** INSTRUCTIONS FOR THE TASK **
Using only the entries below, output the lines starting at the one containing "Рисунок 13 Установки" and ending at the one containing "Márquez se ha", exactly and inclusive of both, omitting the pictures.

** TASK INPUT **

::::::

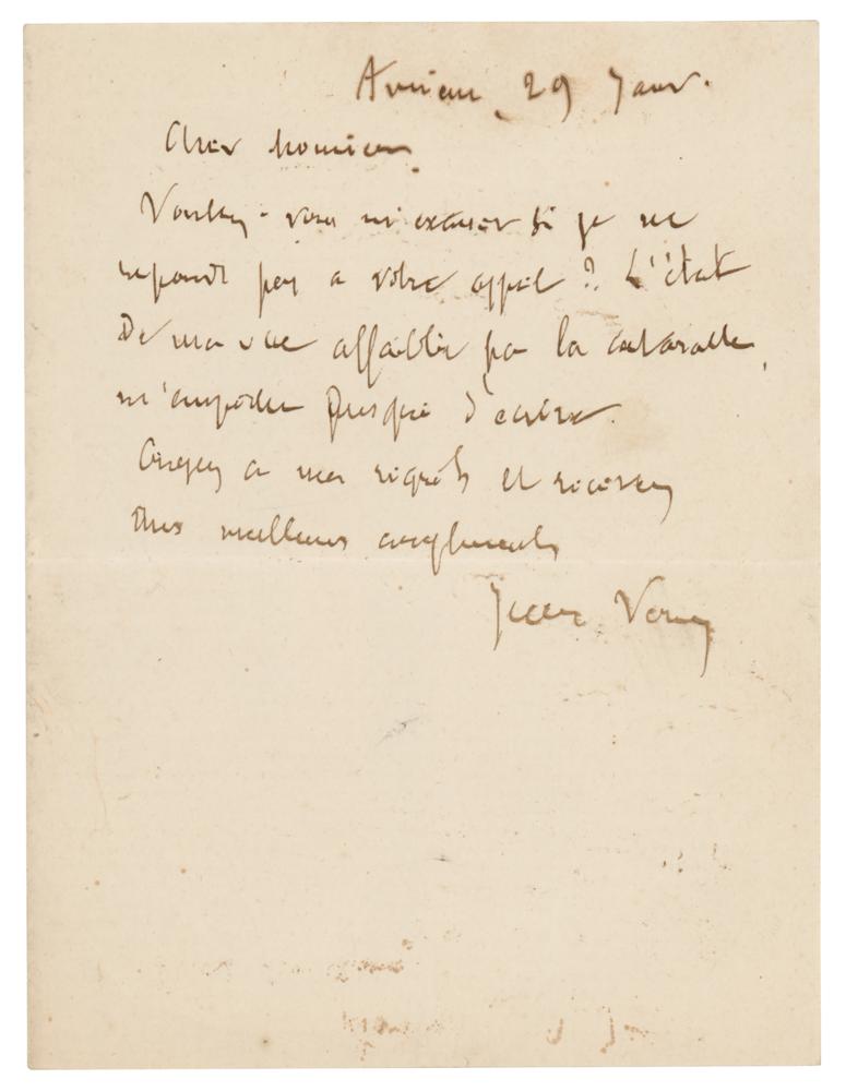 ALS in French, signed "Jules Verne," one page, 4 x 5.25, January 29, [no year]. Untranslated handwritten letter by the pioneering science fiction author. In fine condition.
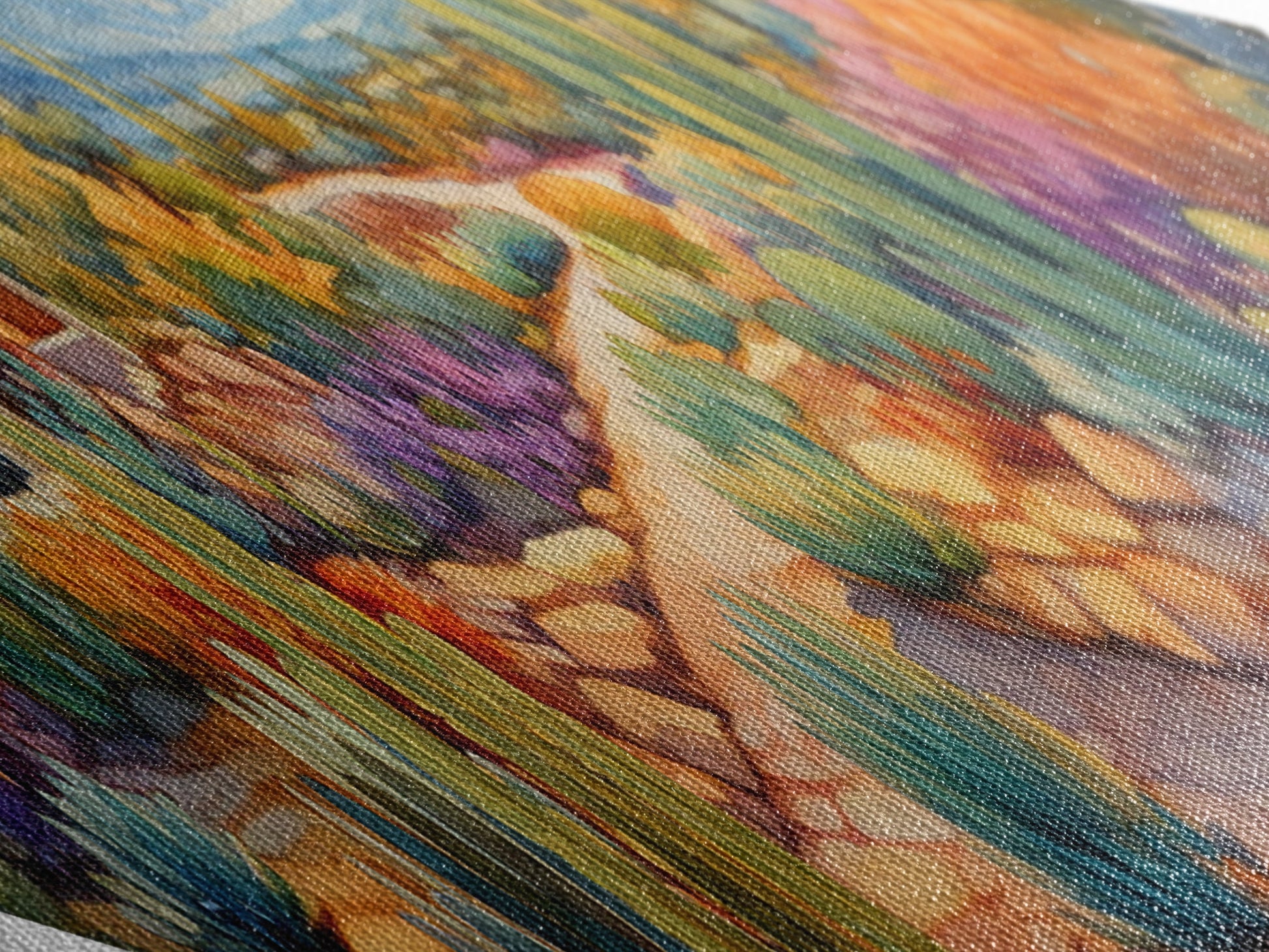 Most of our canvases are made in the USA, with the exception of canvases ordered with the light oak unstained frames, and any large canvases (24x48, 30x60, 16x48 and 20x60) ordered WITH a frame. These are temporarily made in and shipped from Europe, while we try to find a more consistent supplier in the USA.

::::::

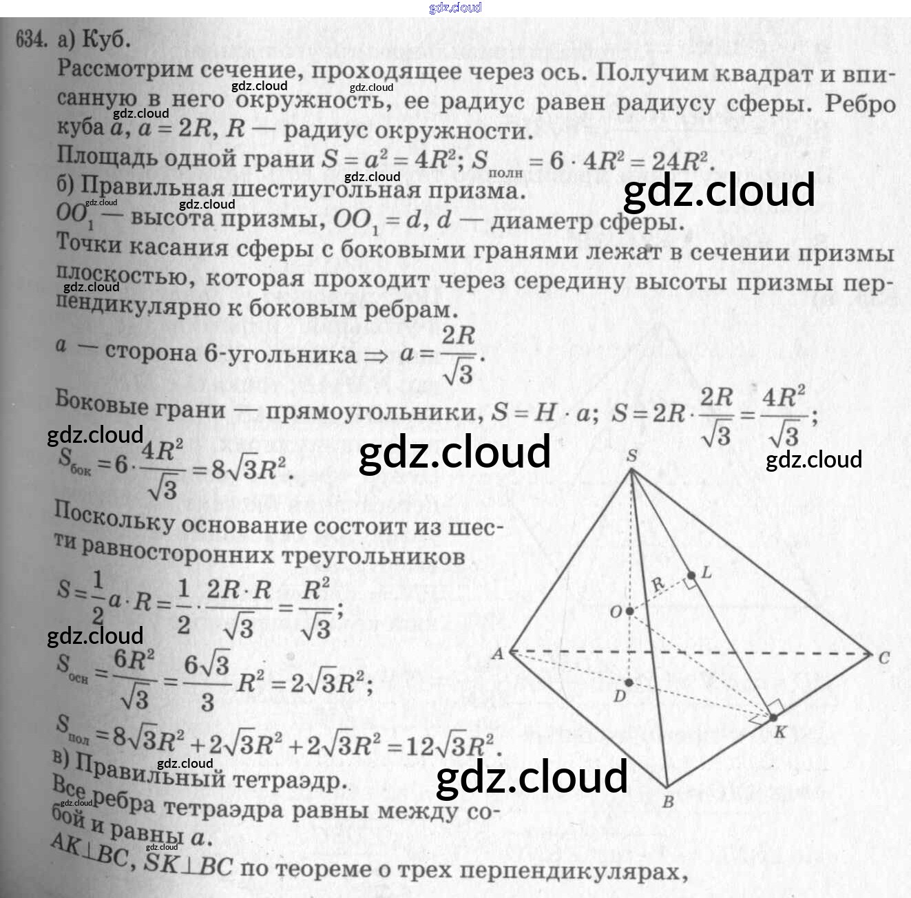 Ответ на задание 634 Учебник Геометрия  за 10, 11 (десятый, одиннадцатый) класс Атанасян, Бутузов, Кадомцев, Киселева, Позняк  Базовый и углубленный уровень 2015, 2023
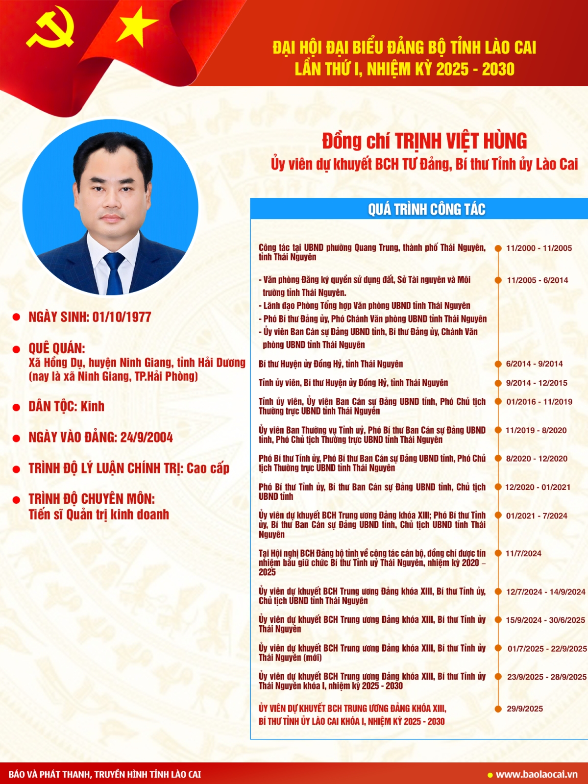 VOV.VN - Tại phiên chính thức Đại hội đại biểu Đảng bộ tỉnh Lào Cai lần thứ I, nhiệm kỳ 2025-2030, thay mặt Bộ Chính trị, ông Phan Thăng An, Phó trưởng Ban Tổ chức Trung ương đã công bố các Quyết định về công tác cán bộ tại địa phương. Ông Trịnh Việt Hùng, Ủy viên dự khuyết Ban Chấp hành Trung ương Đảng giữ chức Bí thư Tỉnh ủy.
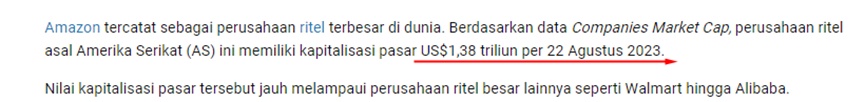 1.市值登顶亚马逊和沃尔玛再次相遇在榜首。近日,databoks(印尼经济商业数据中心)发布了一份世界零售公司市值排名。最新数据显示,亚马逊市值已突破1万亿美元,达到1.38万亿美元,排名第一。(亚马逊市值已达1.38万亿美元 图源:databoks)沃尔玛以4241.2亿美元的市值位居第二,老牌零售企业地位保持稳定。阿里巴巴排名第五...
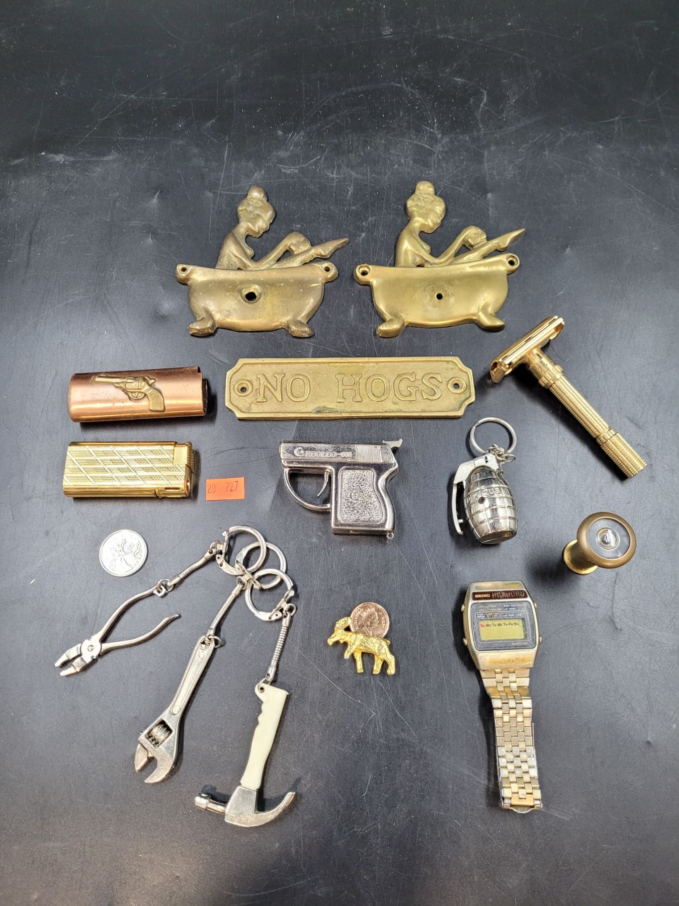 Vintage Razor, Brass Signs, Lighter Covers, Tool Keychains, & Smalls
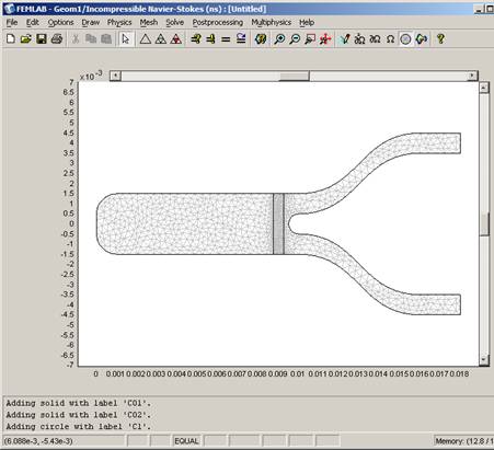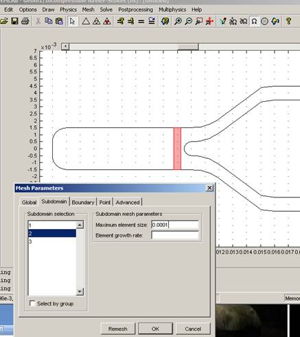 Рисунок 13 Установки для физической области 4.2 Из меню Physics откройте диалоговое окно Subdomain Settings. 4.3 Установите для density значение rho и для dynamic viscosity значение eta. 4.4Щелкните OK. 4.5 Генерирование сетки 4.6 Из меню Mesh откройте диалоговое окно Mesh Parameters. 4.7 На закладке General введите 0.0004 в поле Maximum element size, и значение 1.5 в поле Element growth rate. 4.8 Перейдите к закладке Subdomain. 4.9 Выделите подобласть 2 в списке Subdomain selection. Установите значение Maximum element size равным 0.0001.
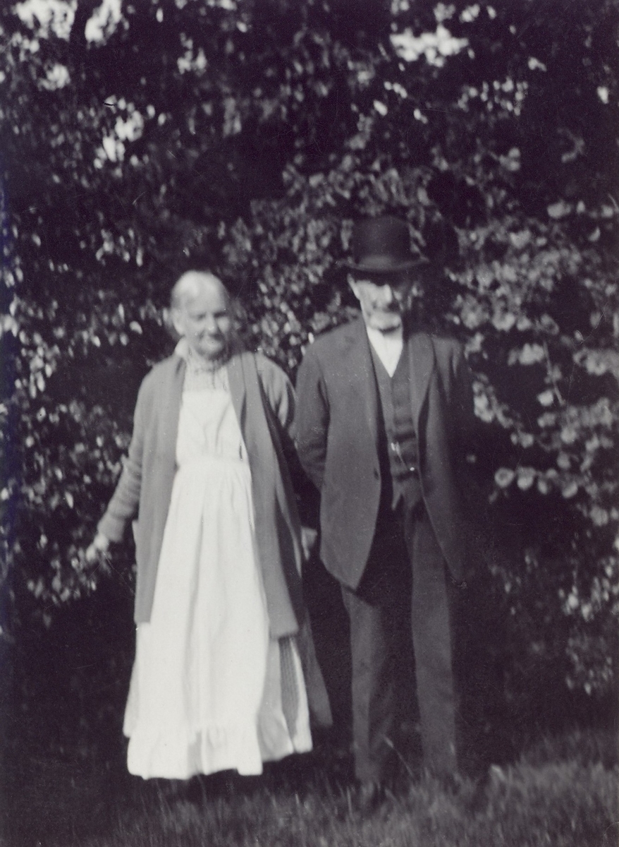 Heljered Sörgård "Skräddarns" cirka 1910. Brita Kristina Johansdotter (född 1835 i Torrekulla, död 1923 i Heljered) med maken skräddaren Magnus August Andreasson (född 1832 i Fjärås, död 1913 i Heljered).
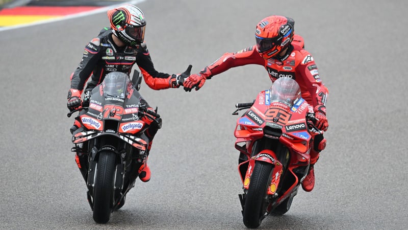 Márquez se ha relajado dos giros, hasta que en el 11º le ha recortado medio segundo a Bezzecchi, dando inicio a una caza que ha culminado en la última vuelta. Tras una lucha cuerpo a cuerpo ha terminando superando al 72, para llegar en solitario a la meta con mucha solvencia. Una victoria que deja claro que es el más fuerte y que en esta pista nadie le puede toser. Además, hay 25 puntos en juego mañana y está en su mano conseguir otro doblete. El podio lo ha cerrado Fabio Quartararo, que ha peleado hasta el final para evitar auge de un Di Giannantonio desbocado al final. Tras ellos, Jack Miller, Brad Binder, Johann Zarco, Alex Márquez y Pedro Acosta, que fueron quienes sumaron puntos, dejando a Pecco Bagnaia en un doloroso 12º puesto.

::::::

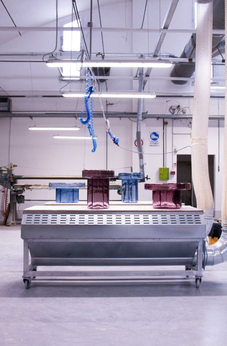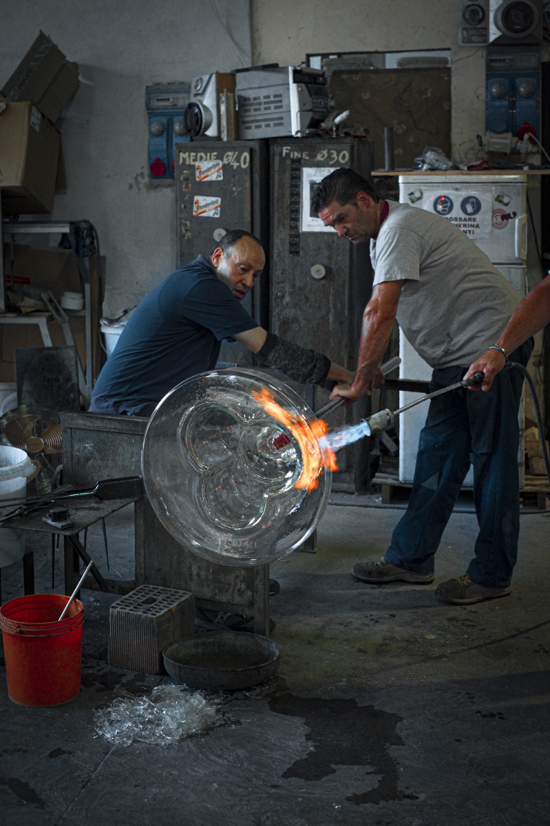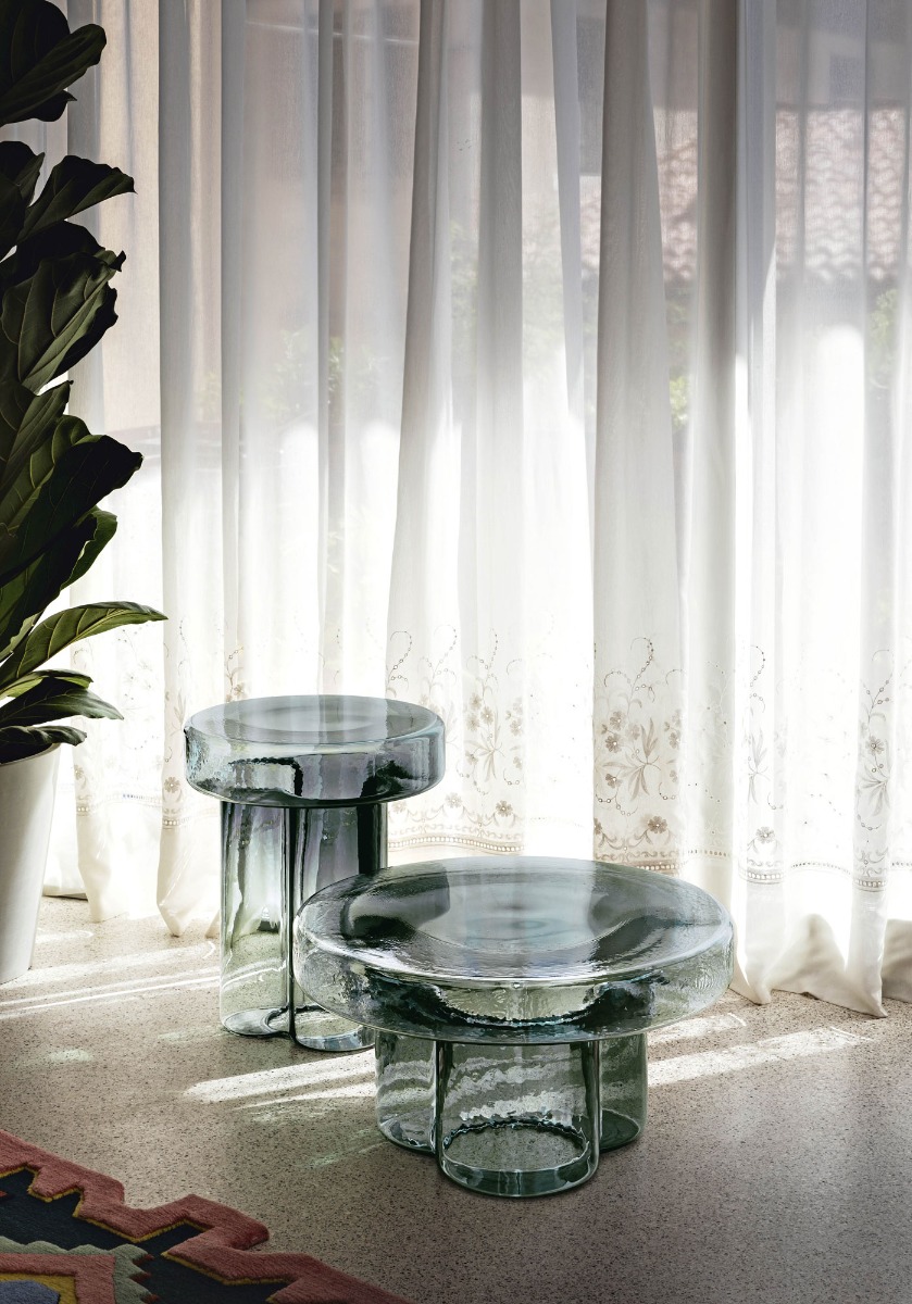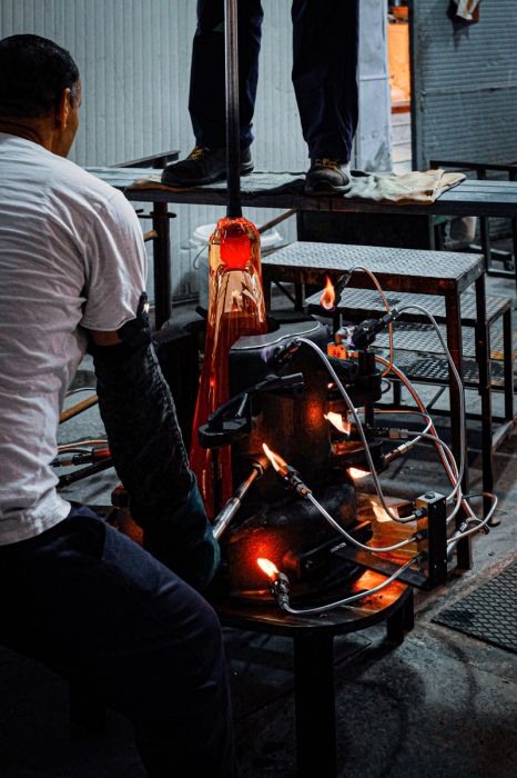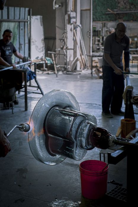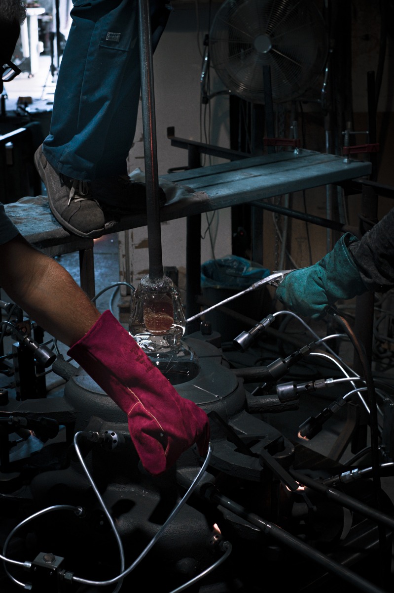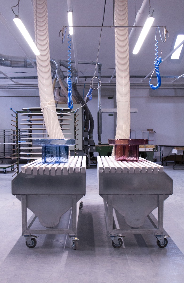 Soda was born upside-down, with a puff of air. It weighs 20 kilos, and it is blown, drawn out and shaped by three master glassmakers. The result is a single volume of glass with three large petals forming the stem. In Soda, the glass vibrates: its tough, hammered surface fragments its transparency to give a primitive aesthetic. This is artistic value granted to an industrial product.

::::::

** EXERCISE ANSWER **
 Рисунок 13 Установки для физической области 4.2 Из меню Physics откройте диалоговое окно Subdomain Settings. 4.3 Установите для density значение rho и для dynamic viscosity значение eta. 4.4Щелкните OK. 4.5 Генерирование сетки 4.6 Из меню Mesh откройте диалоговое окно Mesh Parameters. 4.7 На закладке General введите 0.0004 в поле Maximum element size, и значение 1.5 в поле Element growth rate. 4.8 Перейдите к закладке Subdomain. 4.9 Выделите подобласть 2 в списке Subdomain selection. Установите значение Maximum element size равным 0.0001.
 Heljered Sörgård "Skräddarns" cirka 1910. Brita Kristina Johansdotter (född 1835 i Torrekulla, död 1923 i Heljered) med maken skräddaren Magnus August Andreasson (född 1832 i Fjärås, död 1913 i Heljered).
 Márquez se ha relajado dos giros, hasta que en el 11º le ha recortado medio segundo a Bezzecchi, dando inicio a una caza que ha culminado en la última vuelta. Tras una lucha cuerpo a cuerpo ha terminando superando al 72, para llegar en solitario a la meta con mucha solvencia. Una victoria que deja claro que es el más fuerte y que en esta pista nadie le puede toser. Además, hay 25 puntos en juego mañana y está en su mano conseguir otro doblete. El podio lo ha cerrado Fabio Quartararo, que ha peleado hasta el final para evitar auge de un Di Giannantonio desbocado al final. Tras ellos, Jack Miller, Brad Binder, Johann Zarco, Alex Márquez y Pedro Acosta, que fueron quienes sumaron puntos, dejando a Pecco Bagnaia en un doloroso 12º puesto.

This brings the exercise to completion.